Before the pandemic, the risk of depression was high among residents, and feelings of burnout were not uncommon. Residents at several hospitals in the region told the Globe that morale has dipped since the coronavirus crisis upended their lives. Taking care of so many sick patients in the face of so much uncertainty is exhausting. Dr. Eden Almasude, 27, a second-year psychiatry resident at Yale New Haven who reluctantly signed up to work on a COVID-19 floor, said she feels “tired and used.”
“I think around the country, we’re seeing the way that residents are being objectified in a different kind of way, that our bodies are just put out there and they’re using all this heroism rhetoric as a way of avoiding responsibility for the risks of what we’re doing,” Almasude said. “The veil has been pulled back,” she added.

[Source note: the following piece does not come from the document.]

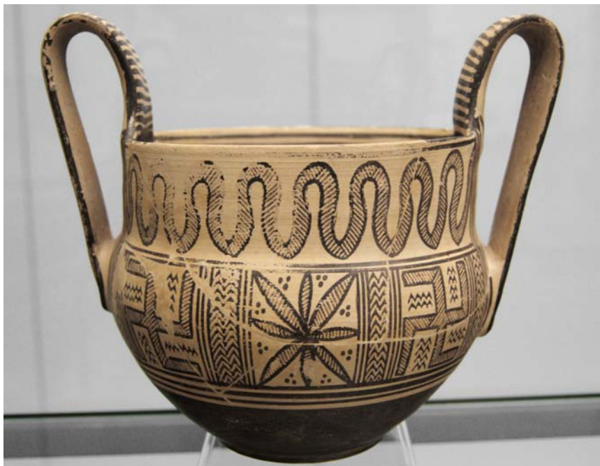
Fig. 4. Geometrisk kantharos från 700-talet BC. Staatliche Antikensammlungen, München. Geometric kantharos from the 8th century BC.

De äldsta hittills bekanta exemplen på hakkorset äro de som påträffas målade på lerkärl från Elam (sydvästra Persien) och hänföra sig till tiden mellan 4,000 och 3,000 år f. Kr. Med dem sammanhänga förmodligen senare fynd från Mindre Asien. I det gamla Troja förekommer hakkorset massvis från det andra till det femte kulturlagret [ca 2500–1750 BC]. I Europa är det första gången bekant genom fynd i Bessarabien och Siebenbürgen från den yngre stenåldern. 8 Här ha en del tyska lärda (bl.a. de, som i hakkorset se en "arisk" symbol) trott sig finna ursprungskällan. Fynden äro dock åtskilligt yngre än de elamitiska och f.ö. var denna symbol rätt ovanlig i dessa trakter.

For residents, the emotional burden of tending to fatally ill patients and their families is also heavy. As hospitals crack down on visitors due to the risk of contagion, residents are often their dead and dying patients’ only connection to their loved ones. During a recent 12-hour shift in the intensive care unit, two of Wood’s patients died of COVID-19 within 30 minutes of one another. He had to call their families and gently break the news, steeling his resolve not to cry.
At Boston Medical Center, the staggering death toll from COVID-19 is unlike anything that Dr. Tara Bylsma, 30, a second-year internal medicine resident, has ever seen, with “dozens of patients” dying in the ICU a day.
“It’s so fast and it just happens over and over and over,” she said. “You get numb until you leave the building.”
Bylsma tries to imagine herself from the perspective of her patients, hooked to tubes and wires, while she hovers above them dressed in armor and looking “like an alien." The mask over her mouth garbles any words of comfort she can offer.
“It’s a terrifying, solitary, dehumanizing death that these people go through, and it’s going to leave wounds in our society for a long time,” she said. “That’s one of the hardest things for me.”